Olanzapine 15 mg/day produziu melhorias significativamente maiores do que o placebo na contagem do total de PANSS (- 28,7 contra o placebo -16,0) e em CGI-S (- 1,5 contra o placebo -1,1). Um total de 64% dos pacientes no olanzapine demonstrou 30% ou mais melhorias na contagem do total de PANSS da linha de base contra 38% no placebo. Os pacientes no olanzapine relataram 6,8 libras) um aumento de 3,1 quilogramas (no ganho de peso mediano no valor-limite do estudo. A incidência do ganho de peso clìnica significativo (superior ou igual a aumento de 7% da linha de base para estudar o valor-limite) para o olanzapine era 34,4% contra o placebo 7,0%. os pacientes Olanzapine-tratados tiveram um aumento maior em parâmetros do lipido contra o placebo (mudança mediana: colesterol total 9,0 mg/dL contra -5,0 mg/dL de placebo; e triglycerides 24,0 mg/dL contra -1,0 mg/dL de placebo no valor-limite do estudo). Os eventos adversos o mais geralmente relatados para o olanzapine (maior de 5% e pelo menos duas vezes a taxa de placebo) eram o peso aumentado (20,5% contra o placebo 5,2%), a sedação (13,9% contra o placebo 3,4%), a boca seca (9,8% contra 0,9% placebo), a sonolência (9,0% contra o placebo 4,3%) e a acatisia (7,4% contra 0,9% placebo).

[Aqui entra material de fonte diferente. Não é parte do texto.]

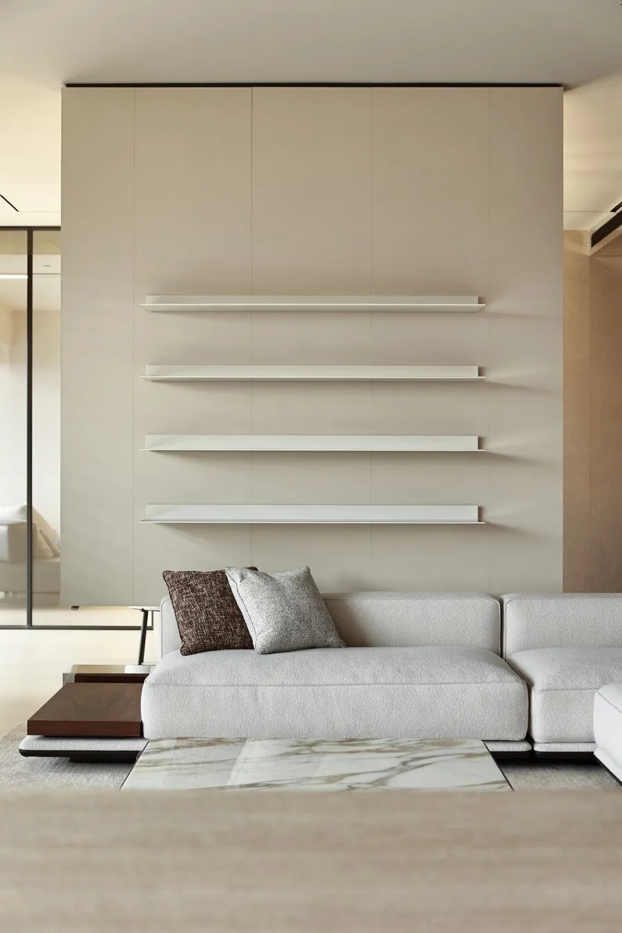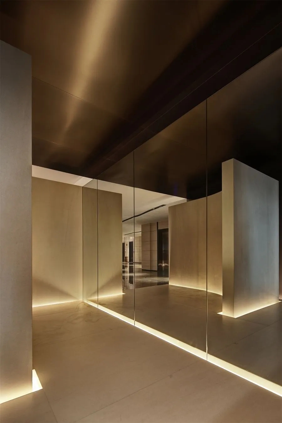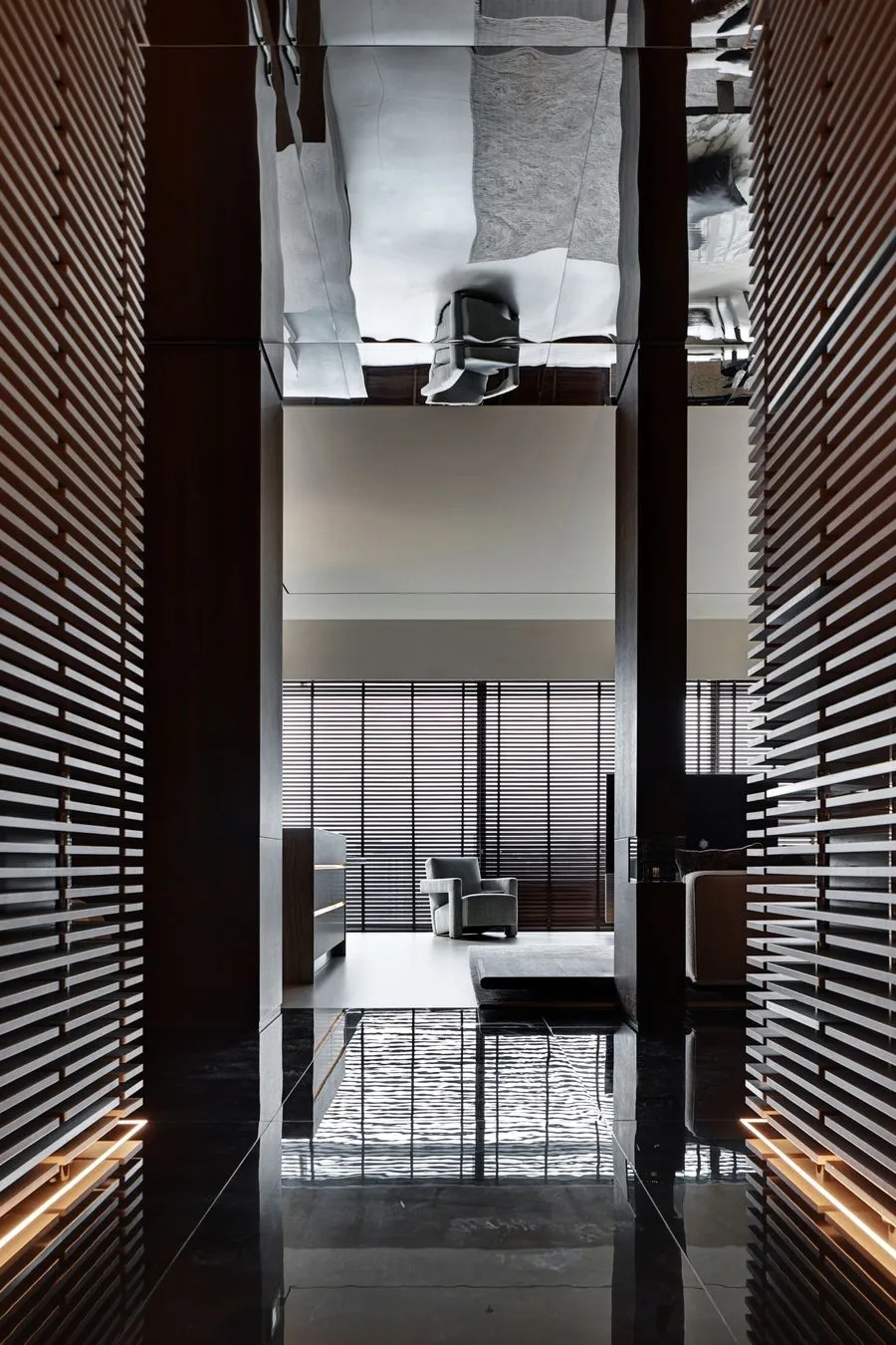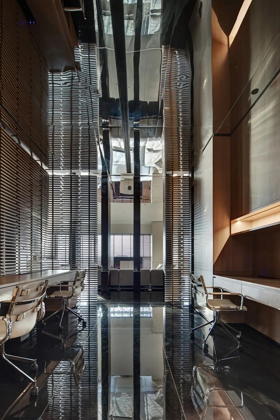 整体凸显空间感,材质表现与空间统一协调,黑镜的选择在拉伸空间的同时,也更加增添质感.

A empresa submeteu os resultados da experimentação para a apresentação em reunir-se científico no fim deste ano.

Vista geral do estudo da PÉROLA 2

Isto randomized, fixo-dose, ensaio clínico placebo-controlado, dobro-cego, multinacional foi conduzido em 52 locais no mundo inteiro primeiramente em ajustes do hospital. Twenty-five locais nos Estados Unidos randomized 286 pacientes, 18 locais em Ásia randomized 115 pacientes, cinco locais em Ámérica do Sul randomized 48 pacientes e quatro locais em Europa randomized 29 pacientes.

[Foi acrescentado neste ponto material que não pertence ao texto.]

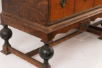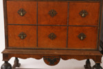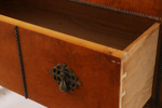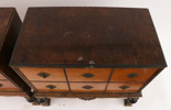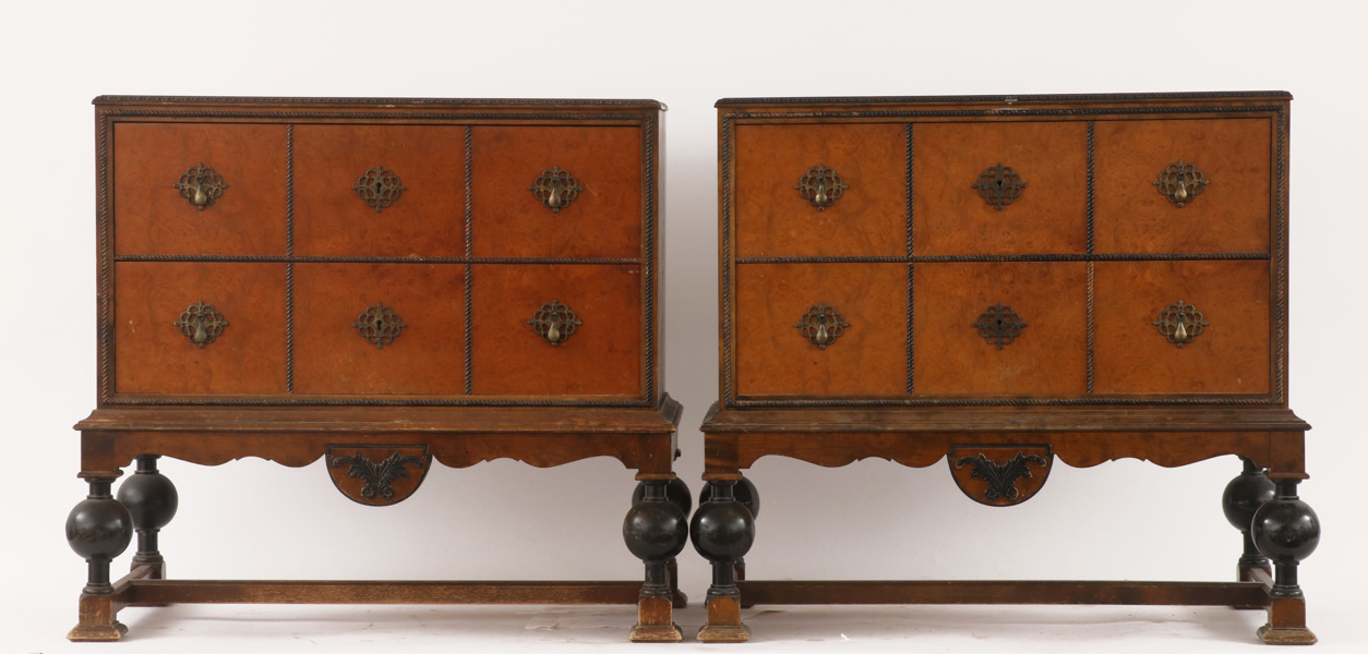 Bonad björk och rot. Två lådor vardera. Kopplade, klotformade ben. Beslag i mässing. En med nyckel.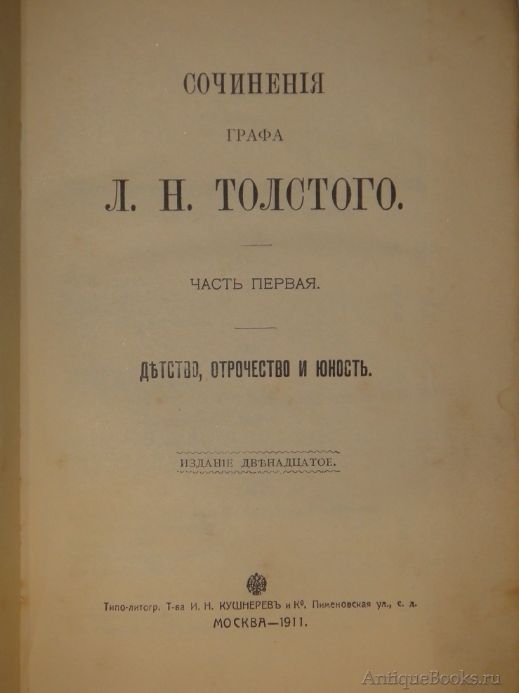 "Сочинения графа Л.Н.Толстого в 20-ти томах" Л.Н.Толстой Москва, Типография Товарищества И.Н.Кушнерёв и К°, 1911г.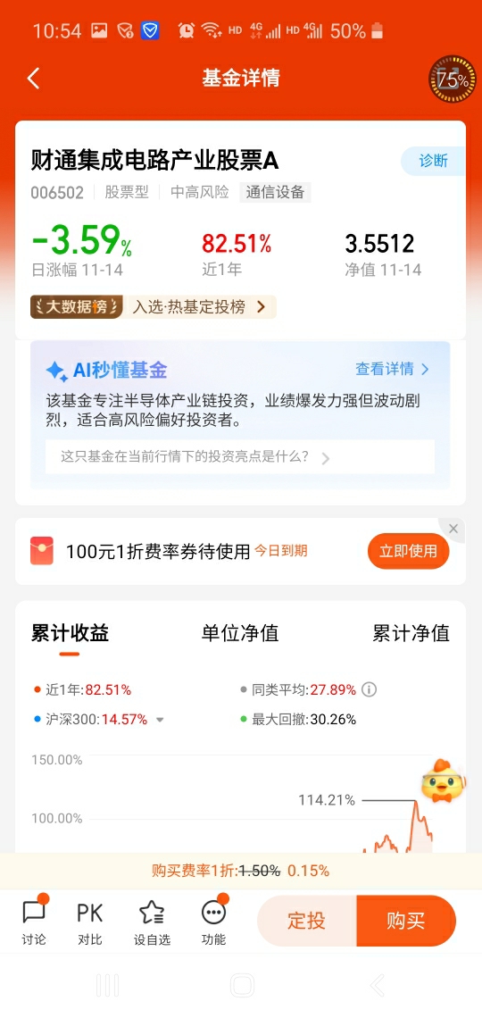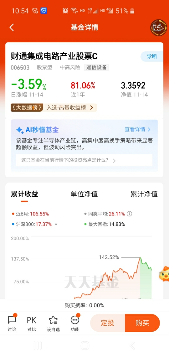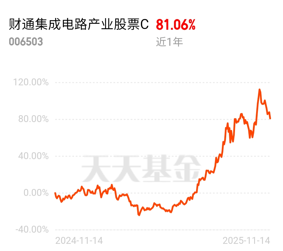 近1年收益81.06%,年2年收益121.8%,近3年收益96.07%,具备显著超额收益捕捉能力。$财通集成电路产业股票C$
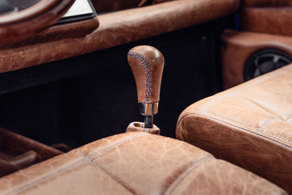 Gli interni combinano lusso e tradizione, presentando rivestimenti in pelle Aged Saddle Brown, dettagli blu coordinati e un volante Nardi.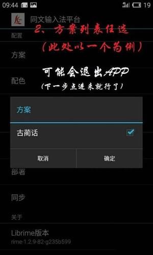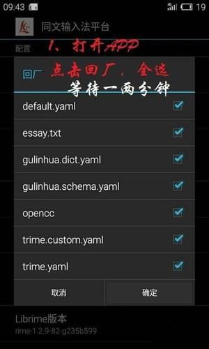 1、安装后只能打字母,怎样才能打中文?答:在sdcard/rime目录添加default.yaml,essay.txt,xxx.schema.yaml,xxx.dict.yaml,然后重新部署。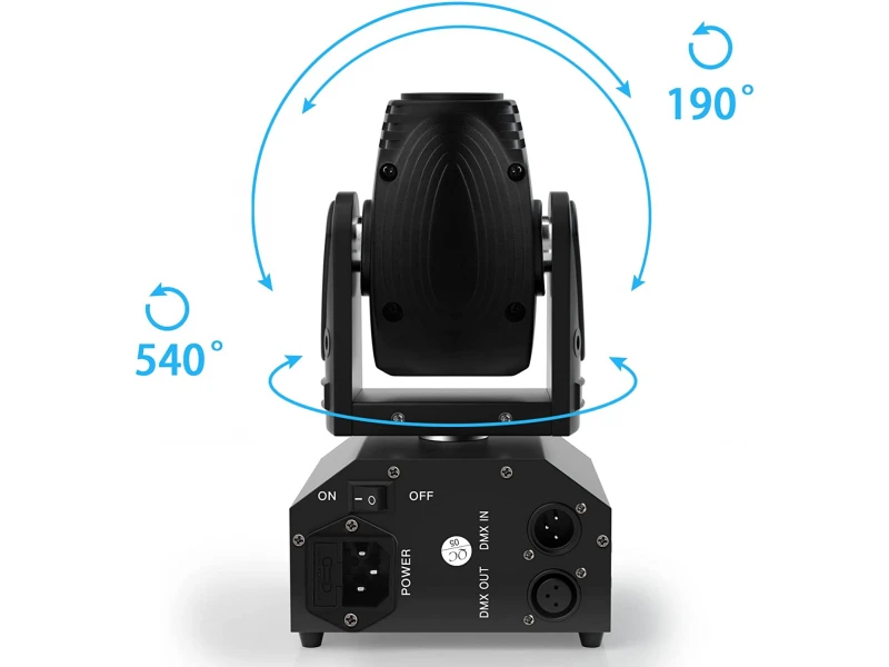 DMX функции: PGobo wheel, TILT, Dimmer, Dimmer Curve, автоматични програми, Gobo Shake, PAN PAN движение: 630 ° TILT движение: 235 ° Високоскоростен светкавица: 1Hz-20Hz

Os pacientes foram diagnosticados com a esquizofrenia (que usa critérios de DSM-IV) e exigidos ter uma exacerbação aguda de sintomas dementes com uma contagem do total de PANSS de 80 ou mais alto na linha de base do estudo. Os participantes experimentais tiveram uma idade média de 37,7 anos com uma contagem média de PANSS de 96,6 na linha de base. Os pacientes tinham sido diagnosticados com esquizofrenia, em média, por mais de 13 anos e mais hospitalizados previamente antes de incorporar o estudo. As avaliações de segurança múltiplas foram feitas, incluindo sinais vitais, peso, ECGs, escalas da desordem de movimento (SAS, BAS, ALVOS), e avaliações do laboratório.